Task (a) is naturally a position problem. Task (b) primarily requires regulating normal force while allowing freedom in tangential motion, so a force or hybrid position/force formulation is appropriate. Task (c) requires both position accuracy (alignment) and compliant interaction (low insertion forces); an impedance formulation is most natural, with low stiffness normal to the hole axis and higher stiffness tangentially.

8. Summary

In this lesson we started from familiar robot dynamics and introduced simple contact models to formalize motion–force coupling. For a 1-DOF example, we proved that pure position control can yield large and poorly controlled contact forces, and that closed-loop properties depend on the combined robot–environment stiffness and damping.

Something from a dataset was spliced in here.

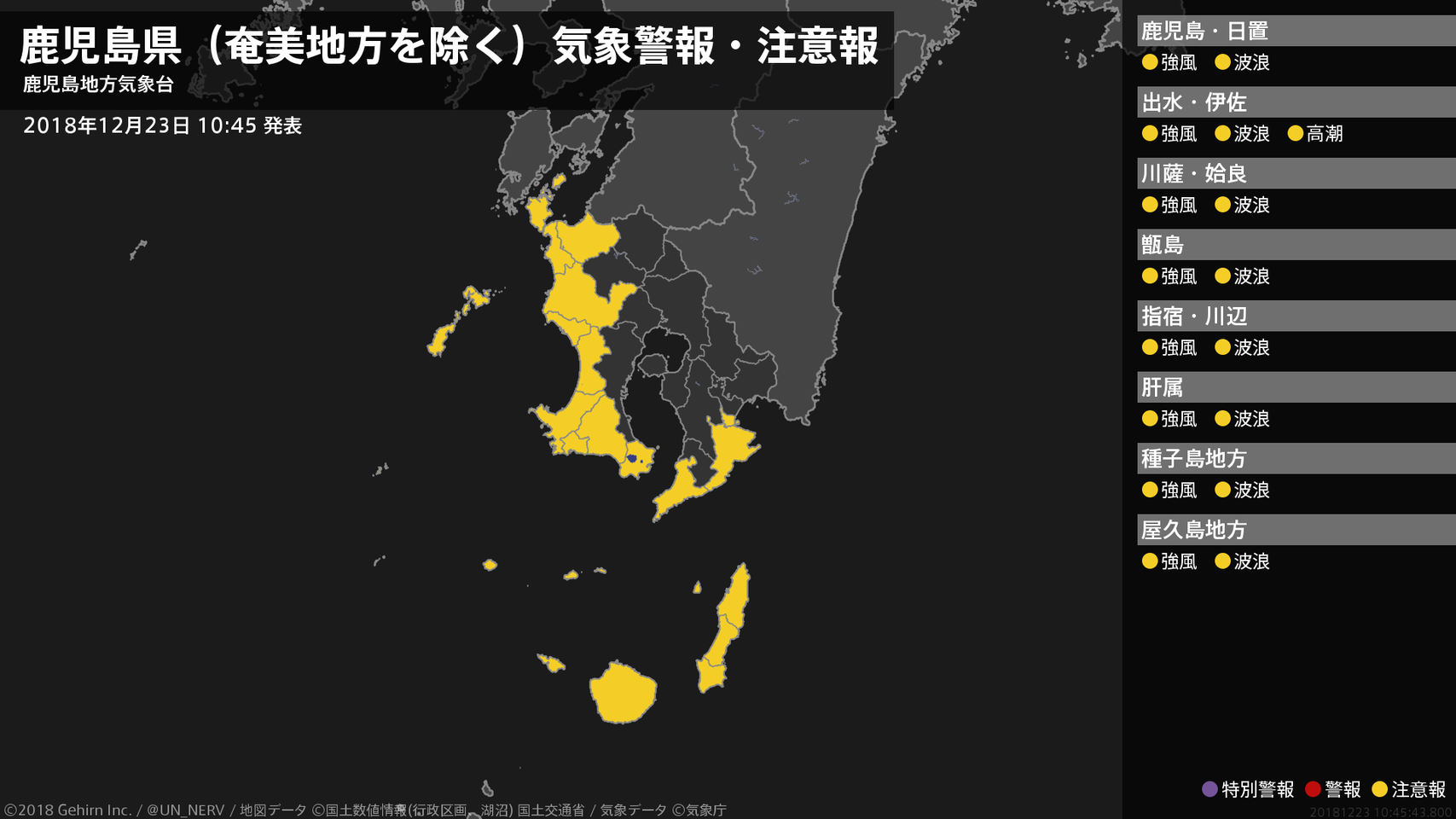 【鹿児島県(奄美地方を除く) 気象警報・注意報 2018年12月23日 10:45】

We defined the notion of effective interaction stiffness and showed how it emerges from the controller and environment, rather than being a directly specified design parameter. Numerical simulations in Python, C++, Java, MATLAB and Mathematica illustrated how high-gain position control leads to force spikes in stiff contact.

These analyses provide the mathematical motivation for the force- and impedance-based control architectures studied in the remaining lessons of this chapter.

9. References

  1. Raibert, M.H., & Craig, J.J. (1981). Hybrid position/force control of manipulators. ASME Journal of Dynamic Systems, Measurement, and Control, 103(2), 126–133.
  2. Hogan, N. (1985). Impedance control: An approach to manipulation. Part I–III. ASME Journal of Dynamic Systems, Measurement, and Control, 107(1), 1–24.
  3. Salisbury, J.K. (1980). Active stiffness control of a manipulator in Cartesian coordinates. Proceedings of the 19th IEEE Conference on Decision and Control, 95–100.
  4. Khatib, O. (1987). A unified approach for motion and force control of robot manipulators: The operational space formulation. IEEE Journal of Robotics and Automation, 3(1), 43–53.
  5. Colgate, J.E., & Hogan, N. (1988). Robust control of dynamically interacting systems. International Journal of Control, 48(1), 65–88.
  6. Anderson, R.J., & Spong, M.W. (1988). Bilateral control of teleoperators with time delay. IEEE Transactions on Automatic Control, 34(5), 494–501.
  7. Seraji, H., & Colbaugh, R. (1993). Force tracking in impedance control. International Journal of Robotics Research, 12(1), 20–30.